Jumat, 25 Juli 2008

Longsor di Tambang Emas, Bukti Kerusakan Lingkungan Akibat Tambang

Ani Purwati - 12 May 2008

Longsor yang terjadi di sekitar areal tambang emas PT Freeport Indonesia di Mimika, Provinsi Papua, Senin (5/5) malam tak semata-mata karena kawasan tersebut terjal ataupun karena timpaan hujan deras. Tetapi ini bukti bahwa daya dukung kawasan tersebut tak mampu menanggung beban kerusakan lingkungan karena penambangan PT FI. Demikian siaran pers Jaringan Advokasi Tambang (Jatam) yang diterima beritabumi.or.id pada Jumat (9/5).

Dalam siaran persnya, Jatam menyampaikan bahwa longsor di kawasan tambang emas yang mengorbankan sekitar 20 pendulang emas tradisional di kawasan itu tidak hanya sekali ini.
Tercatat longsor di kawasan Freeport terjadi pada 2000, tiga kali pada 2003 dan paling akhir 2006.

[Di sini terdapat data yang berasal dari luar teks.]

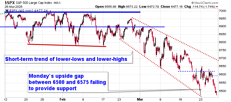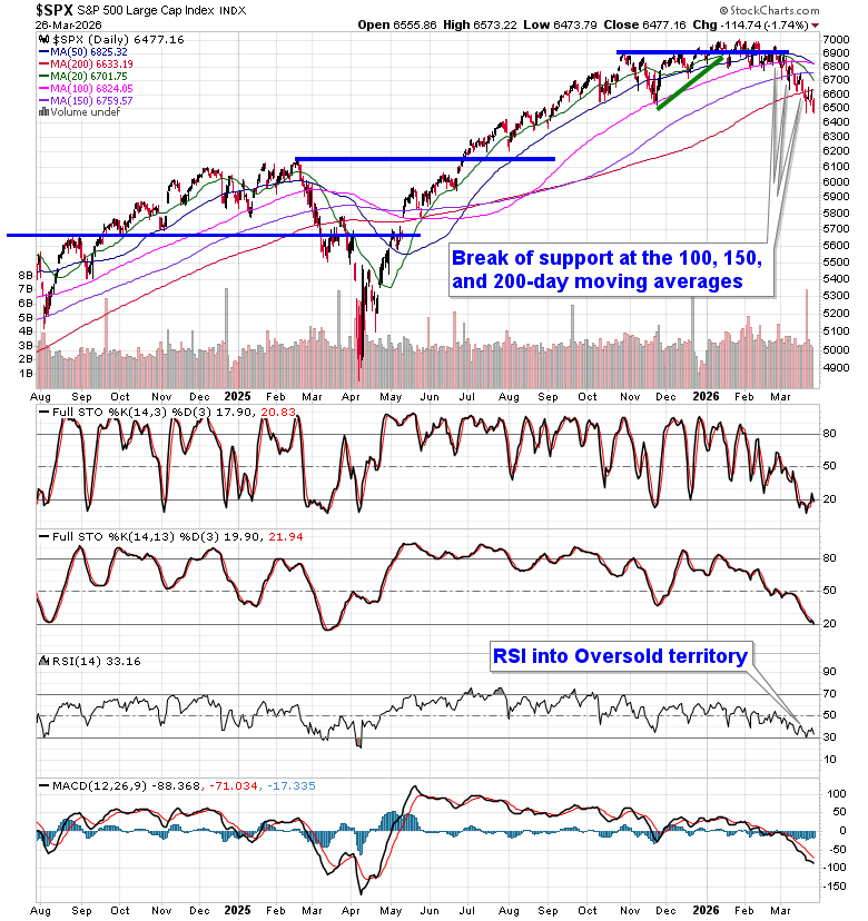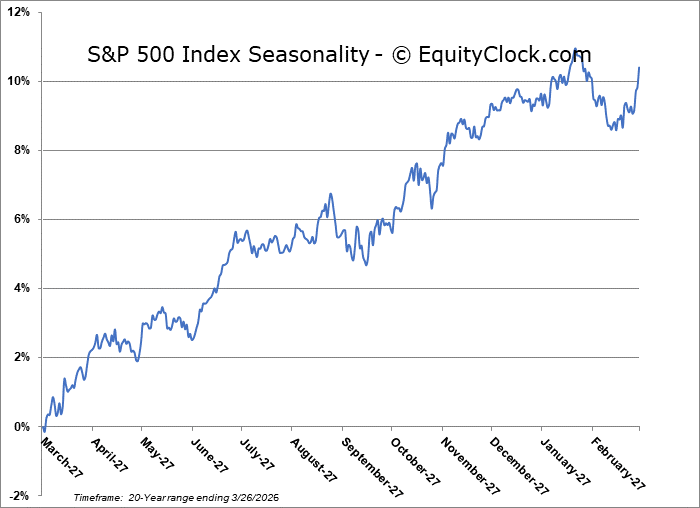 Stocks lost ground on Thursday as the price of oil and interest rates spiked amidst ongoing uncertainty pertaining to the conflict in Iran. The S&P 500 Index closed down by 1.74%, cracking below substantial upside gap charted at Monday’s open between 6500 and 6575 and reaching back to Friday’s low; the benchmark continues to struggle to derive a durable level/zone as support. The limits of the declining trend channel continue to be respected (lower limit was tested on Friday) and the band between 6500 and 6600 that we have speculated as likely to provide support has developed a crack following Thursday’s price action. While the short-term technicals are presenting renewed concern and the longer-term technical profile of the market has become threatening, we still have a focus on the near-term positivity in equity markets heading into the seasonally strong period during the month of April. In the Seasonal Advantage Portfolio that we manage for clients at CastleMoore, we rotated away from our low volatility posture and added to risk exposure at the end of last week for the seasonally strong window that runs through the next four to six weeks. The conflict in Iran remains a wildcard and we are running down our cues that would warrant a more defensive posture in risk assets, but the net of all developments following Thursday’s action between technicals, fundamentals, and seasonals for the near-term continue to provide the edge to an upside bias. Subscribers can view the themes in our chart books to either Accumulate or Avoid that are working and intact.
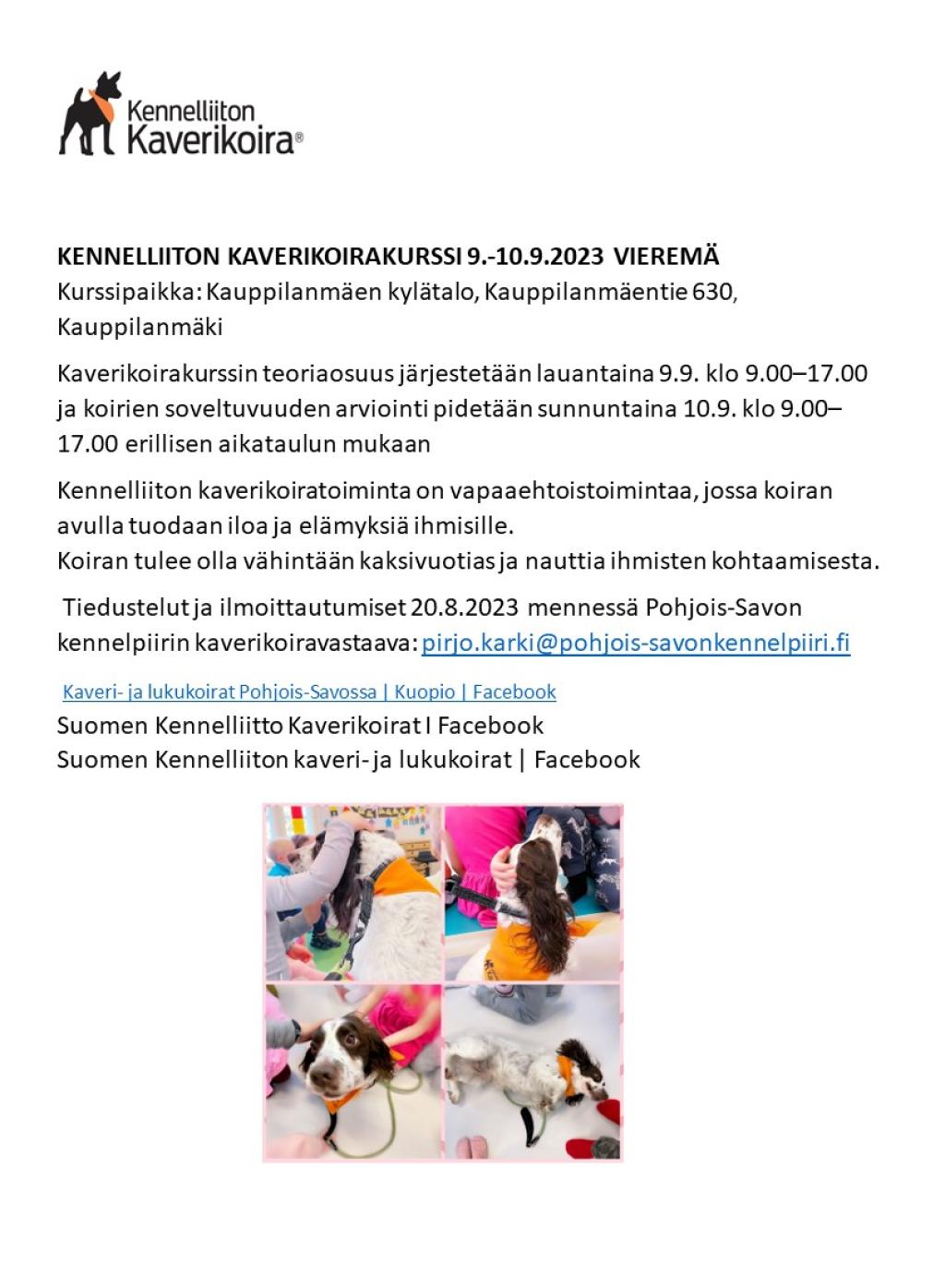 23.10.2023 Kennelliiton Kaverikoirakurssi Kuopiossa 6.-7.1.2024
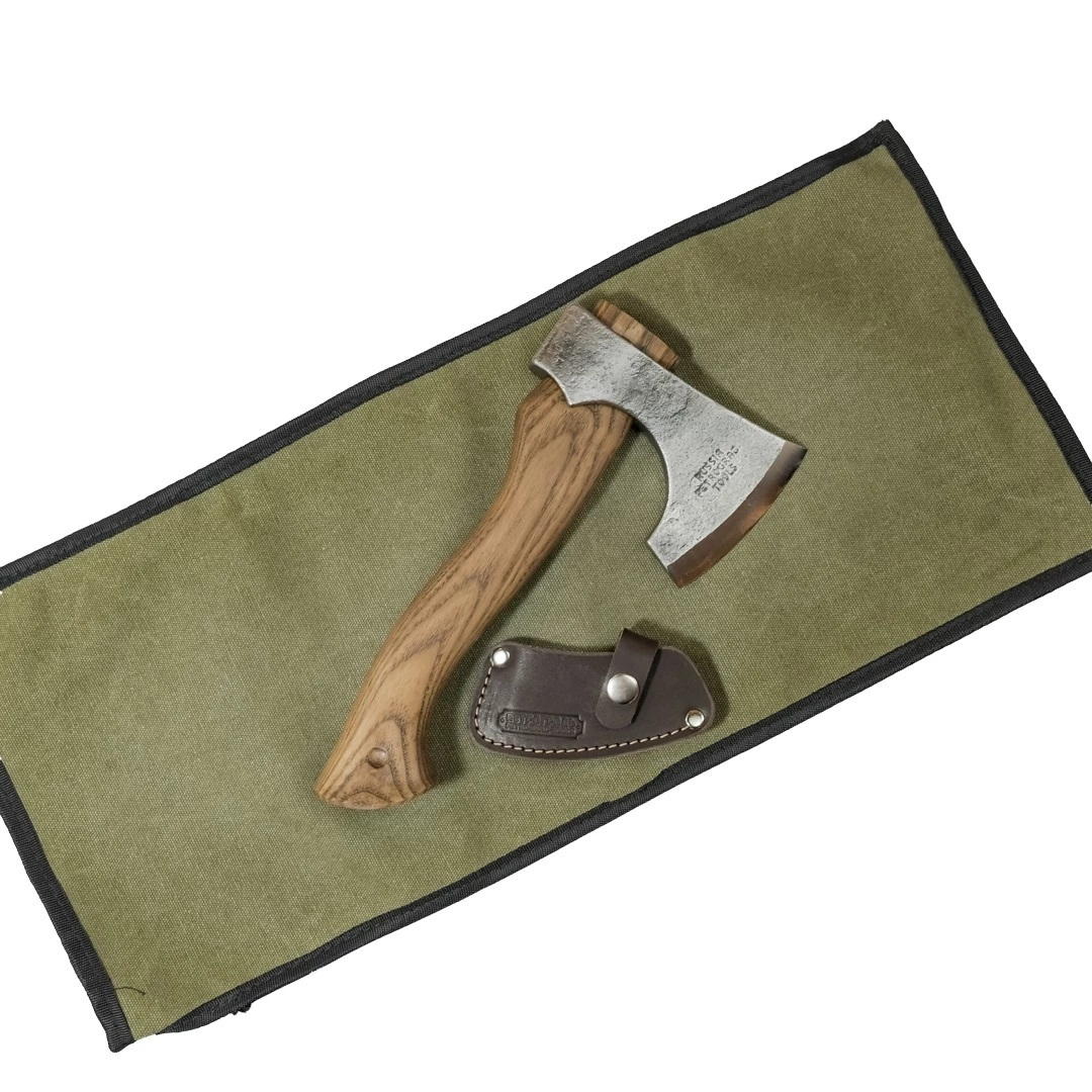 Выкованный вручную из инструментальной легированной стали и закаленный до 55-57 HRc, этот топор долго сохраняет остроту и привлекательный внешний вид, а прочный кожаный чехол на заклепках обеспечивает безопасную транспортировку.

Bencana longsor hanya salah satu bagian masalah di tambang ini. Banyak lagi masalah seputar tambang ini. Menurut Jatam, saat ini limbah tailing PT FI setidaknya sudah mencapai 1,187 milyar ton. Tailing ini dibuang ke sungai Aghawagon, Otomona, dan Ajkwa, yang tiga tahun lalu telah merusak sekitar 2100 ha hingga 6300 ha hutan bakau. Tak hanya itu, ada 11 ribu ha wilayah estuari tercemar, juga 20 – 40 km bentang sungai Ajkwa tercemar tailing dan 13.300 ribu lahan subur terkubur.

Pada 26 Maret 2006, Menteri Lingkungan Hidup mengumumkan PT FI tidak memiliki ijin pembuangan air limbah. Limbah tailing di outlet ModADA Pandan Lima dan Kelapa Lima tidak memenuhi standar parameter padatan terlarut (TSS) dan tidak memiliki ijin pembuangan limbah Bahan Beracun dan Berbahaya.

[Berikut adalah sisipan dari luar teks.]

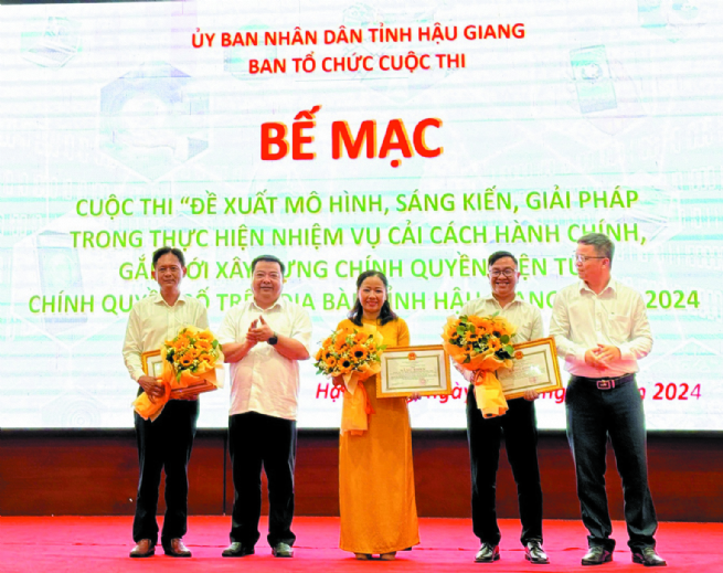 Ông Nguyễn Minh Trí, Giám đốc Sở Nội vụ (thứ 2 từ trái qua) và các đơn vị đạt giải cuộc thi “Đề xuất mô hình, sáng kiến, giải pháp trong thực hiện nhiệm vụ cải cách hành chính gắn với xây dựng chính quyền điện tử, chính quyền số trên địa bàn tỉnh Hậu Giang” năm 2024
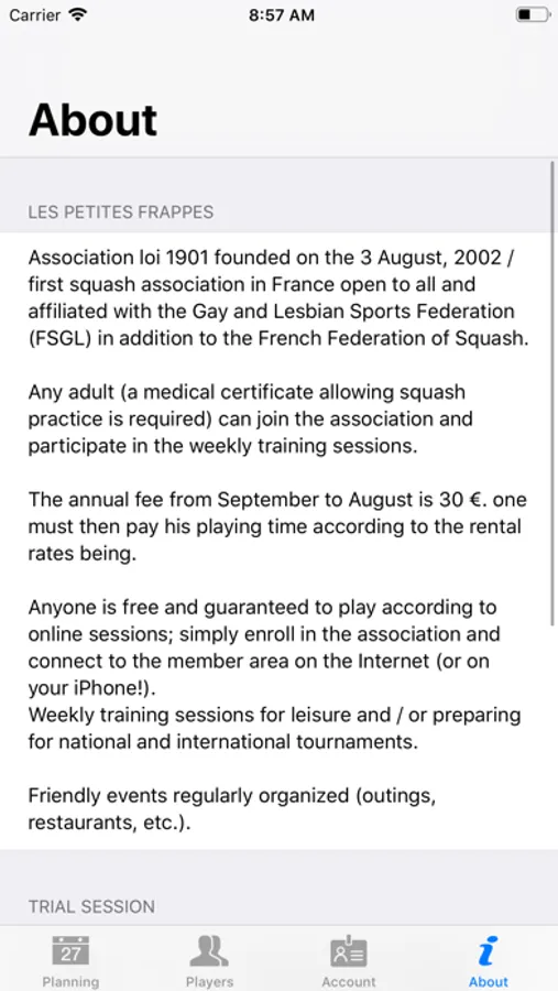 If you're not a member yet of Les Petites Frappes, you can still download this app and see the next sessions we organize. Those are open for people who would like to try out with us :)
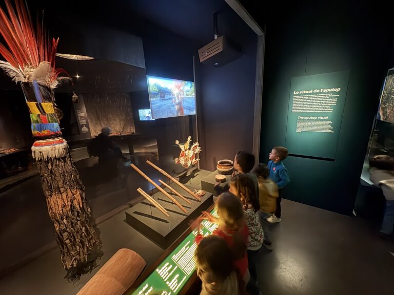 AprĂšs un bon pique-nique et nos forces retrouvĂ©es, nous sommes partis pour la visite de lâexposition sur les Indiens dâAmazonie đżđȘ¶

Sementara PLTU Puncak Jaya menghasilkan emisi tidak memenuhi standar untuk parameter SO2 serta pelanggaran Peraturan Pemerintah karena terjadinya pembuangan langsung fly ash dan bottom ash. Meski jelas melanggar UU Lingkungan Hidup, Jatam menyayangkan pemerintahan SBY tidak bertindak apapun.

Merugi

Jatam juga menyebutkan, negara banyak merugi karena tambang ini. Hasil tambang banyak diekspor dalam bentuk bahan mentah. Hanya 29% total konsentrat PT FI diolah di dalam negeri, sisanya di kirim ke sembilan negara.

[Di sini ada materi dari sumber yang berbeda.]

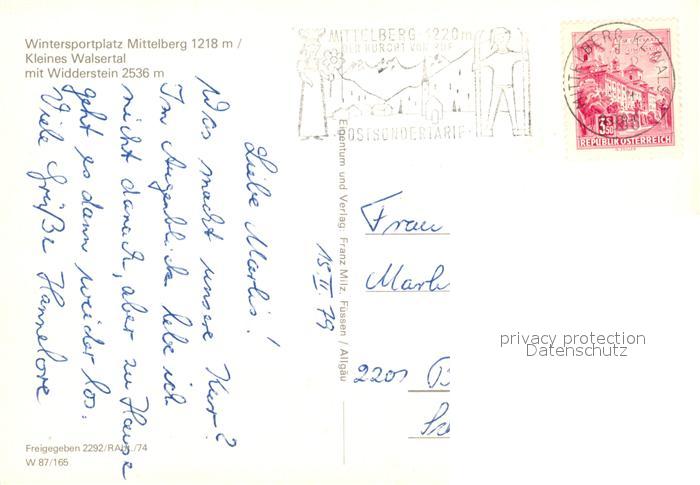 73323829 alte Postkarte Mittelberg Kleinwalsertal Fliegeraufnahme postalisch gelaufen Erhaltung siehe scans [WerneD78] KatCode: 11390

Badan Pemeriksa Keuangan juga menemukan barang tambang ikutan berupa belerang, yang tidak diperhitungkan dalam Kontrak Karya. Negara kehilangan potensi penerimaan minimal sebesar US 14,4 juta. Tak hanya itu, Freeport Indonesia kurang membayar royalti untuk 2003 dan 2004 sebesar US 369.490. Penjualan konsentrat dari Freeport ke Glencore AG pada 2004 di bawah harga pasar, ini menghilangkan potensi penerimaan pajak penghasilan sebesar US 5,91 juta.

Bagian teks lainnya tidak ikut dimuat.